_Available data:_
>>>
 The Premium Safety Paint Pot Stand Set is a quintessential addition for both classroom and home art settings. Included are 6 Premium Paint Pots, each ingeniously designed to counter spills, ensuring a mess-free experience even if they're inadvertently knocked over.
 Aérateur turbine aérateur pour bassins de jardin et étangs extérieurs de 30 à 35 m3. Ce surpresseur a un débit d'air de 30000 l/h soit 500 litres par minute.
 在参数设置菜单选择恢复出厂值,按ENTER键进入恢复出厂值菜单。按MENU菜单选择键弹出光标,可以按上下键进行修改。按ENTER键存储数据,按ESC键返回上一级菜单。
<<<
>>>
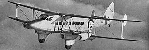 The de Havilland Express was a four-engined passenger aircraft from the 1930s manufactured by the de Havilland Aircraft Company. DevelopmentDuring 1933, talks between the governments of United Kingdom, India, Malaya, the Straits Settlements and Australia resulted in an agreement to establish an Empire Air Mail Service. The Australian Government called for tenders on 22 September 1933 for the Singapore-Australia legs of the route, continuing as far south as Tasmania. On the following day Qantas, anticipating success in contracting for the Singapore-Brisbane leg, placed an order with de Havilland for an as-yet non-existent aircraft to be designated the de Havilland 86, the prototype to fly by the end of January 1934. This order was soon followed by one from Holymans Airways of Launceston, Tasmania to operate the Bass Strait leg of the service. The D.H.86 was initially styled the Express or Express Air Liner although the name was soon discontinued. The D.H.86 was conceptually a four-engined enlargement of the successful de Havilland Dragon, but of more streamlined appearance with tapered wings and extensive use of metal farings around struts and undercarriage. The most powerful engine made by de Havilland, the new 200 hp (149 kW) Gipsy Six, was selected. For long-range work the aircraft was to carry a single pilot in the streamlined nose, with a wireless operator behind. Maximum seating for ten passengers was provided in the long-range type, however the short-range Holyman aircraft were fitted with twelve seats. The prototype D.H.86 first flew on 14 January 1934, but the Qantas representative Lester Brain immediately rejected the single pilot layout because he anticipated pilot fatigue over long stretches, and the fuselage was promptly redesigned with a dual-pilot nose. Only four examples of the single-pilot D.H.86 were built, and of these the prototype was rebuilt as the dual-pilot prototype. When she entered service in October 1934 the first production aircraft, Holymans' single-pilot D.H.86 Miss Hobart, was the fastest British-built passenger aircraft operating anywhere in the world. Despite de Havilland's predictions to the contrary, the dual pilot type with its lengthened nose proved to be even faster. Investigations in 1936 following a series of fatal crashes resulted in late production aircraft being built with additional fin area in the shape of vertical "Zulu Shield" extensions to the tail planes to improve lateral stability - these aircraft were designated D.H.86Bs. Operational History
<<<
_Try it:_ Out of the data above, set down the lines from the one with "The Premium Safety" to the one with "在参数设置菜单选择恢复出厂值", both included, exactly as written and with no additions.

_Output of the exercise:_
 The Premium Safety Paint Pot Stand Set is a quintessential addition for both classroom and home art settings. Included are 6 Premium Paint Pots, each ingeniously designed to counter spills, ensuring a mess-free experience even if they're inadvertently knocked over.
 Aérateur turbine aérateur pour bassins de jardin et étangs extérieurs de 30 à 35 m3. Ce surpresseur a un débit d'air de 30000 l/h soit 500 litres par minute.
 在参数设置菜单选择恢复出厂值,按ENTER键进入恢复出厂值菜单。按MENU菜单选择键弹出光标,可以按上下键进行修改。按ENTER键存储数据,按ESC键返回上一级菜单。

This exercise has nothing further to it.